The scenarios range from no change to the official Opec production level of 30m barrels per day to up to 2m barrels being taken off the table by the group that controls about a third of current global supply. The key here is the word “official”. You see Opec hasn’t changed the “official” production level for around three years, and yet has the group been consistently producing exactly that amount? Of course not.
The critics have accused Opec of “cheating” for years. The supporters say there has been a consistent adjustment of supply, which has kept prices stable for the last three years before the recent 30 per cent rout in crude prices.

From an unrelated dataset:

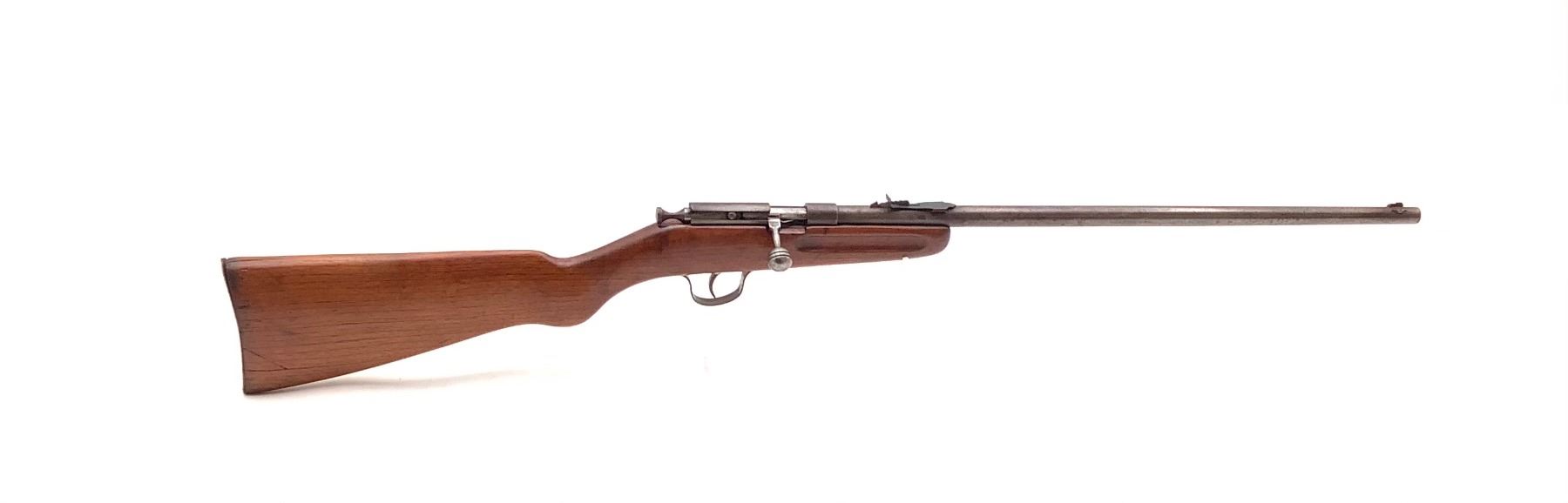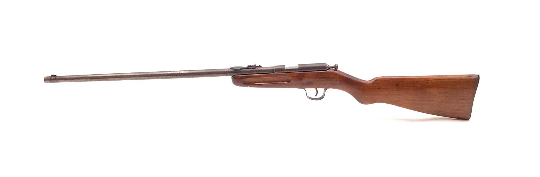 Cooey Ranger Single Shot Rifle Parts Gun 22 Caliber 20" Barrel Open Sights. Receiver is cracked and not safe to fire. Wood stock has cracks, scratches and nicks. Metal finish worn and has marks. This is a non-restricted firearm.

And throughout most of the past few years, most of the members have been at “full tilt” – producing just about every barrel they can get out of the ground to take advantage of the high price environment. It’s really only been the Saudis and their Gulf Cooperation Council allies who have taken up the role of swing producers
Now, though, the Saudis have a whole host of problems from both within the group and from non-Opec powerhouses such as the US and Russia. If the Saudis were to back an Opec cut of up to 2m barrels a day, two big questions arise. One, will non-Opec producers just fill the market gap that creates? Perhaps more importantly given the upheaval in the Middle East, will the Iranians, if they get their nuclear deal, and the Iraqis play ball? Both are itching to boost their production and reckon they’ve got the reserves to take on Saudi Arabia.
I remember the normally cryptic Saudi oil minister Ali al-Naimi absolutely furious three years ago in Vienna when he told me and other “Opec scrum” reporters that “it was the worst meeting ever”. This time, Iraq and Iran may give the green light to a production cut “officially” but who is going to take their oil off the table? Equally importantly, who can afford to do so?
When you look at the list of members, the truth is they are all pretty desperate for the petro-dollars. From Nigeria to Libya, from Venezuela to Iran, national budgets are in bad shape.
So my advice is by all means get excited if Opec pushes through its “official” production cut on Thursday, but then take a deep breath and watch who actually follows through with the painful deed. The cut may not necessarily been the line in the sand that beleaguered oil bulls have been looking for.
Steve Sedgwick is anchor of SquawkBox Europe on CNBC (in Vienna this week).